Queste brevi e sobrie parole potrebbero essere considerate come il tema generale, la trama sostanziale che fa da sfondo a tutte le apparizioni mariane, “la chiave interpretativa” per comprenderne il senso ricco e misterioso ed il valore eccezionale che emana tutto dalla grazia della presenza della santa Vergine, una presenza efficace, poiché Ella prende a cuore le sorti dell’umanità tutta ma anche si preoccupa di condurre e guidare alla salvezza ogni anima che le si apre con riconoscenza e con disponibilità, offrendo in aggiunta ogni dono di grazia che possa essere utile e possa servire al bene vero ed integrale di ciascun suo figlio.
Anche se la Madonna si rivolge direttamente alla veggente, considerando il tenore e il senso generale dei numerosissimi messaggi che la Ella ha consegnato in queste apparizioni, si può dire che queste sillabe possono essere estese correttamente a tutti i destinatari del messaggio, a ogni persona di buona volontà che si lasci interpellare dai suoi richiami materni.
In questo messaggio introduttivo la Vergine Immacolata presenta, in “nuce”, il suo compito di “Guida spirituale”, di “Maestra della fede”, di “Accompagnatrice” dei suoi figli verso il porto sicuro, la meta finale di questo pellegrinaggio terreno: la santità in vista dell’eternità.
Ebbene, vorrei proporre a questo punto una riflessione.
Non mi sembra una considerazione del tutto gratuita affermare che quel “mano nella mano” a cui la Madonna fa riferimento nel messaggio si possa correttamente intendere come un richiamo, dolce e delicato, al Rosario di Maria, quasi si possa leggere: “con il Rosario tra le tue mani… ecc”. L’appello alla recita del Rosario è, del resto, uno dei messaggi più forti di queste splendide apparizioni argentine.
Consideriamo, dunque, questa immagine che forse, tra tutte, è la più dolce e bella: il Rosario è come “il prolungamento della mano immacolata di Maria”, per cui stringere la sacra Corona significa “ s t r i n g e r e la m a n o stessa di M a r i a ”.

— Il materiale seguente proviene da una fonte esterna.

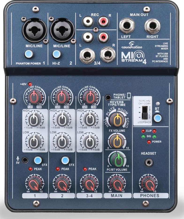 MIOSTREAM4 je moderní kompaktní mixážní pult navržený pro podcasty, livestream a mobilní produkci. Je určen pro uživatele, kteří chtějí rychlé zapojení, minimální nastavování a maximální kompatibilitu s mobilními zařízeními. Nabízí 2 mikrofonní vstupy a další linkové vstupy pro externí zdroje. Díky OTG připojení přes USB-C a TRRS konektoru lze mix snadno propojit s telefonem nebo tabletem. Integrovaná USB zvuková karta umožňuje přímé nahrávání a přehrávání z počítače. Součástí je také Bluetooth pro bezdrátové přehrávání hudby a digitální efektový procesor se 4 presety, které pomohou rychle vylepšit zvuk hlasu. Praktické rozměry dělají z mixu ideální nástroj na cesty. MIOSTREAM4 je vhodný pro každého, kdo hledá jednoduchý mix pro stream s OTG, USB-C a Bluetooth v co nejmenším formátu.

Così, imparando a tenere il Rosario fra le mani e pregandolo con costanza, si è ben certi di tenere per mano Maria, ed insieme a Lei si comincia a percorrere un cammino.

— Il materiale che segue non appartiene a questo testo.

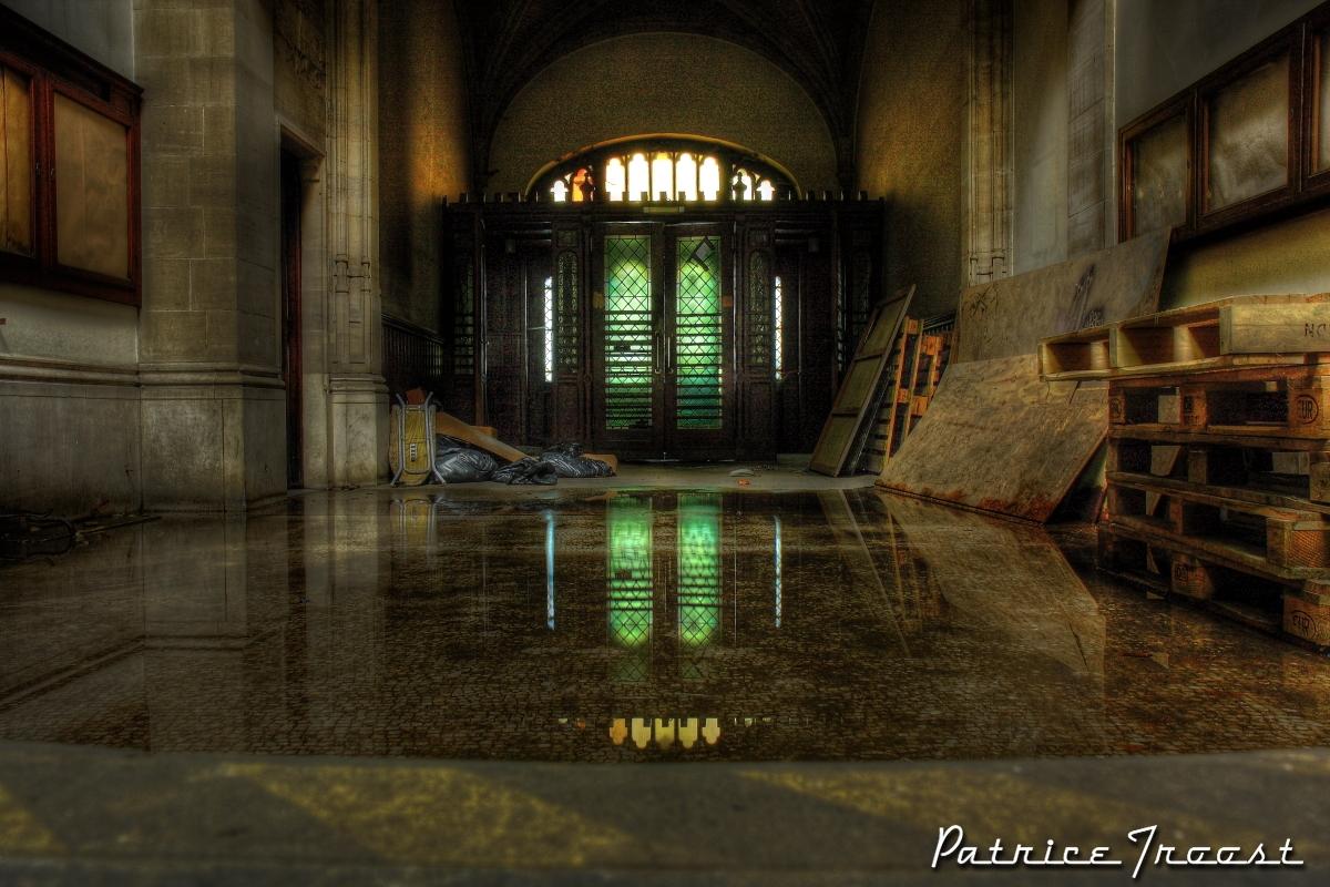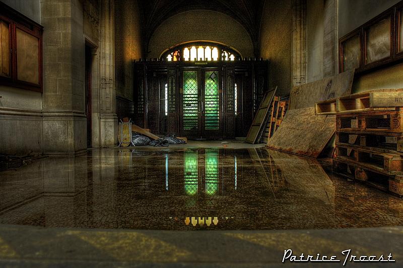 Het enige mooie wat het gebouw nog rest is de aanwezigheid van het mooie kunsige glasinlood ramen, wat het gehele gebouw nog siert...

E' un cammino di gioia, di dolore, di gloria e di luce, un cammino che ha come obiettivo suo Figlio Gesù, la cristificazione che è la santificazione dell’anima cristiana. Maria si fa dunque non solo compagna su questo cammino che Lei stessa ha percorso, si fa soprattutto Maestra che in continuazione ci sollecita e guida i nostri passi. E lo fo soprattutto per mezzo del suo Rosario, tesoro che ha donato al mondo per sua misericordia
Così, con Lei faremo, come dice nel messaggio, un “lungo cammino”, cammino col Rosario nella mano, o meglio “mano nella mano” con la Madonna, come un bimbo che stringe teneramente la mano della sua “terrena protettrice”. Il Rosario, ricordiamo sempre, è mezzo indispensabile e privilegiato per portare a compimento il progetto salvifico di Dio su di noi, su tutta la Chiesa e sul mondo intero.